Lenny's Podcast: Product | Career | Growth — "Head of Claude Code: What happens after coding is solved | Boris Cherny"
Runtime: 88 min | Host: Lenny Rachitsky | Guest: Boris Cherny (Anthropic)
For: Software engineers and product leaders grappling with AI's impact on their roles. Boris Cherny's candid insights into 100% AI-written code and Anthropic's unique approach to AI safety offer a provocative glimpse into a future where coding as we know it disappears. Essential listening for anyone seeking to stay ahead in a rapidly evolving tech landscape.
Boris Cherny, Head of Claude Code at Anthropic, shares a groundbreaking revelation: all his code is now AI-written, boosting his productivity. Claude Code, initially a small hack, now accounts for 4% of GitHub commits and is predicted to reach 20% by year-end. Cherny, who briefly left Anthropic for Cursor, emphasizes Anthropic's mission-driven focus on AI safety, experimentation, and "under-resourcing projects" to accelerate innovation. He predicts the role of "software engineer" will be replaced by "builder," and that AI will soon assist with idea generation and prioritization. Cherny offers actionable tips for using Claude Code effectively and managing its unique challenges.
"100% of my code is written by QuadCode. I have not edited a single line by hand since November. Every day I ship 10, 20, 30 pull requests." — Boris Cherny
Connects to: Coding is largely solved, AI's impact on software engineering, Claude Code daily active users doubling last month, Engineers spending hundreds of thousands a month in tokens at Anthropic, The Bitter Lesson, AI agents for automation, What roles will AI transform next?
Word count: 162–270 words per episode.
This Week in Startups — "When Will Openclaw go Mainstream? | E2252"
Runtime: 62 min | Host: Jason Calacanis | Guest: Matthew Berman (YouTube), Ryan Yaneli (Nextvisit), Jason Grad (Massive)
For: Technologists and founders looking to understand the consumerization of AI agents. This episode provides a down-to-earth assessment of OpenClaw's readiness for mainstream adoption, highlighting the technical hurdles and security concerns that still keep this powerful tool in the realm of "tinkerers."
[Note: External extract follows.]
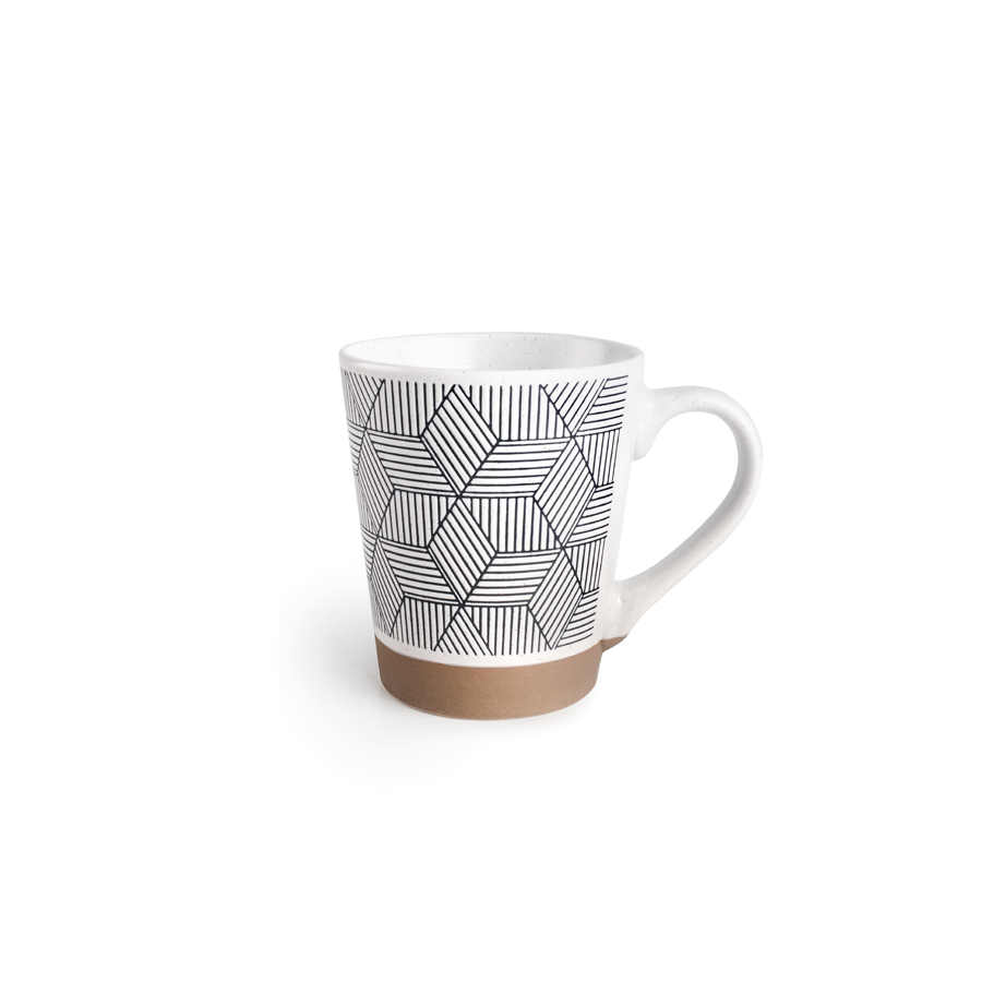 Mug en grès émaillé au design moderne avec décorations assorties.

This episode explores OpenClaw's path to mainstream adoption. YouTuber Matthew Berman emphasizes its current "tinkerer's dream" status, not yet ready for one-click installation, and sees a significant opportunity for Google to integrate AI services. Ryan Yaneli discusses OpenClaw's potential to democratize powerful tools, while Jason Grad unveils "Clawpod" to simplify complex workflows. The guests debate the necessity of a "killer use case" for widespread adoption, with Matt highlighting Meta's acquisition of Manus AI as a key signal. Concerns about agent security risks, context loss in LLMs, and Anthropic's policy changes impacting OpenClaw usage are also discussed, providing a grounded perspective on the future of AI agents.
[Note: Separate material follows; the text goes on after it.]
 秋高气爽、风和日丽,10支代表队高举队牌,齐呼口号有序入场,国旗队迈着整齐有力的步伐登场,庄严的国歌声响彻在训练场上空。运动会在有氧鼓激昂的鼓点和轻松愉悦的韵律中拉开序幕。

"I don't think it's quite there. I think this is really a tinkerer's dream. Right now you have to install it locally. You're still trying to iterate rapidly, figure out what works, what doesn't work." — Matthew Berman
Connects to: OpenClaw Consumer Adoption & Mainstream Readiness, AI agent security risks, Context loss in LLMs, Google to lead OpenClaw integration, Anthropic policy change regarding pro plan usage with OpenClaw, Killer use case needed for OpenClaw mainstream adoption, Low loyalty to AI models
Word count: 163–272 words per episode.